### Intro

So, some day in April 2023 Prof. James Grime asked for help on Twitter with some problem he was tinkering with. This is his tweet:

**"OK, I have a problem someone could probably simulate faster than I can work it out. I have a set of dice with values: 0, 0, 0, 0, 2, 3. You roll the dice, add up the total, then roll that number of dice. And repeat.

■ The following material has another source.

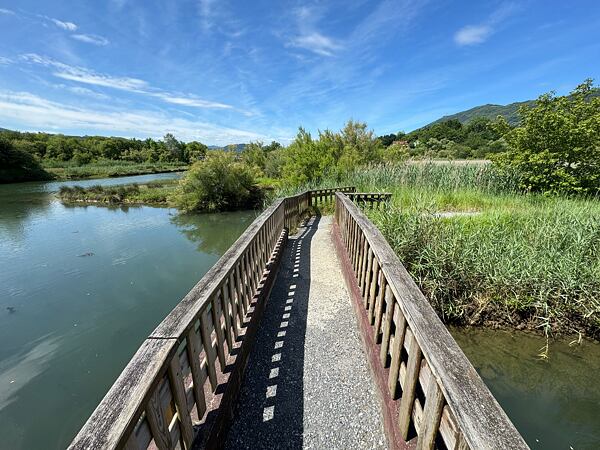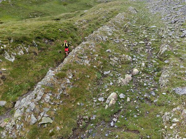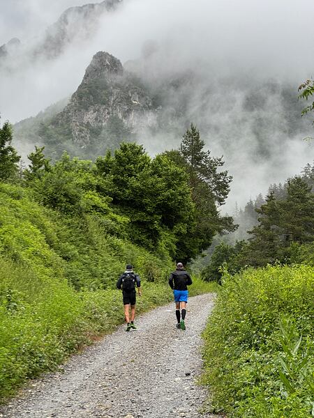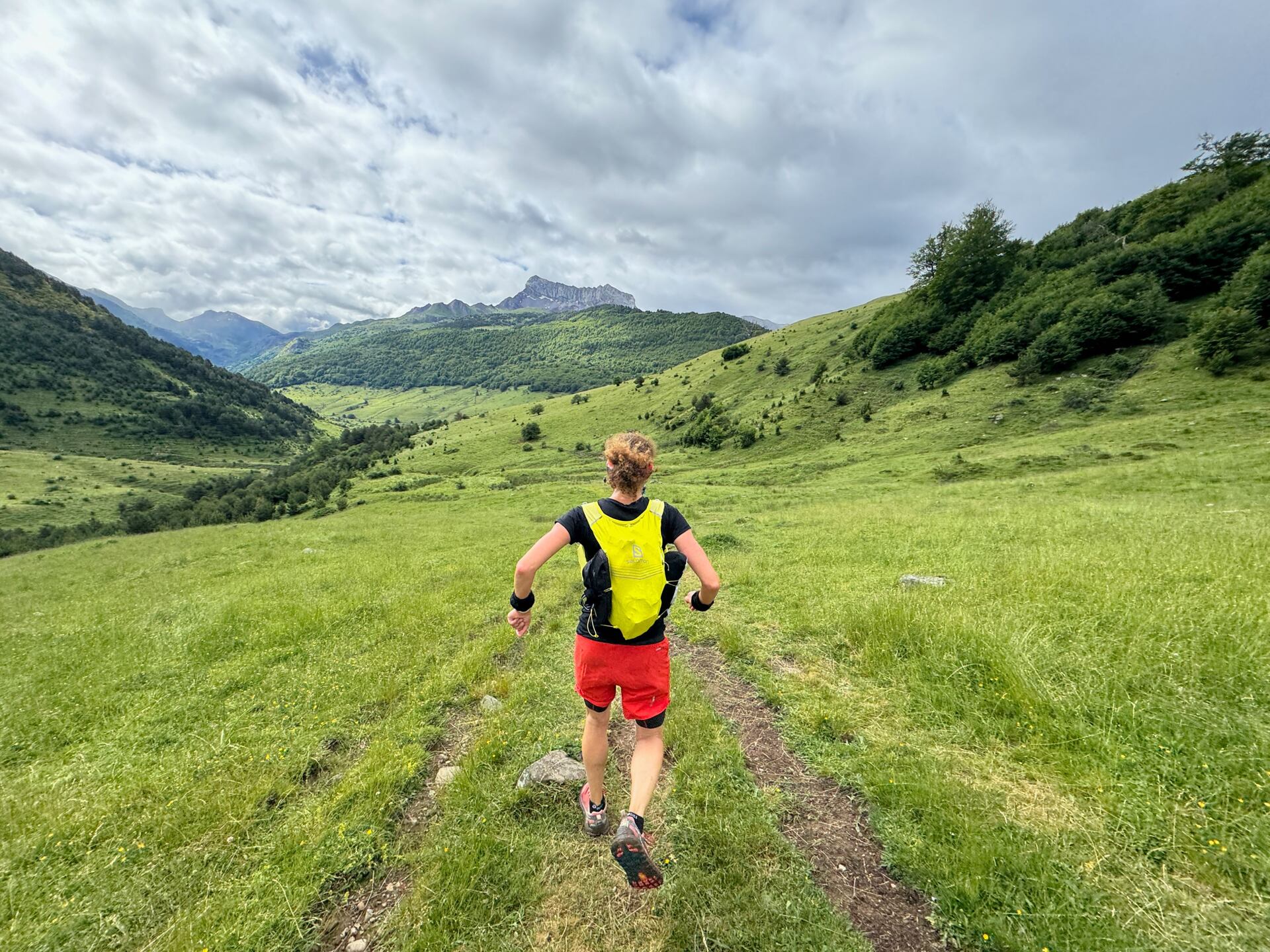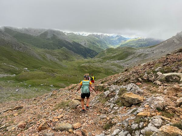 Překonáváme fotogenické mokřady u pramene řeky Aragón Subordán a z měkké hliněné podložky se začíná stávat kámen a skála. Zpomalujeme, protože je cesta čím dál tím více techničtější. Netrvá dlouho a přebíháme na francouzskou část trailu protínající Národní park Pyreneje.

If I start with five dice, how long will the game last?"**

I quickly wrote a little program to perform the simulation, and let it run overnight not only with 5 dice as a starting point, but also 1, 2, 3 and 5. These are the results:

Initial Rolls | Average Length | Simulated games | Longest game |

1 | 2.22307... | 2.7 x 10^{12} | 150 |

2 | 3.23895... | 1.5 x 10^{12} | 151 |

3 | 4.09949... | 1.1 x 10^{12} | 154 |

4 | 4.84160... | 0.8 x 10^{12} | 151 |

5 | 5.49181... | 1.2·10^{12} | 143 |

Here the decimals are all correct, in that I truncated the results a couple of digits sooner than the most stable digits of the simulation. So, the answer he was looking for is

**5.491816...**

This is the histogram of the lengths of the 1.2 x 10

^{12}games, for initial number of dice # = 5:

Which in logarithmic Y scale looks like this:

Which show a nice linear decay. The histograms for #=1,2,3 and 4 follow linear decays as well.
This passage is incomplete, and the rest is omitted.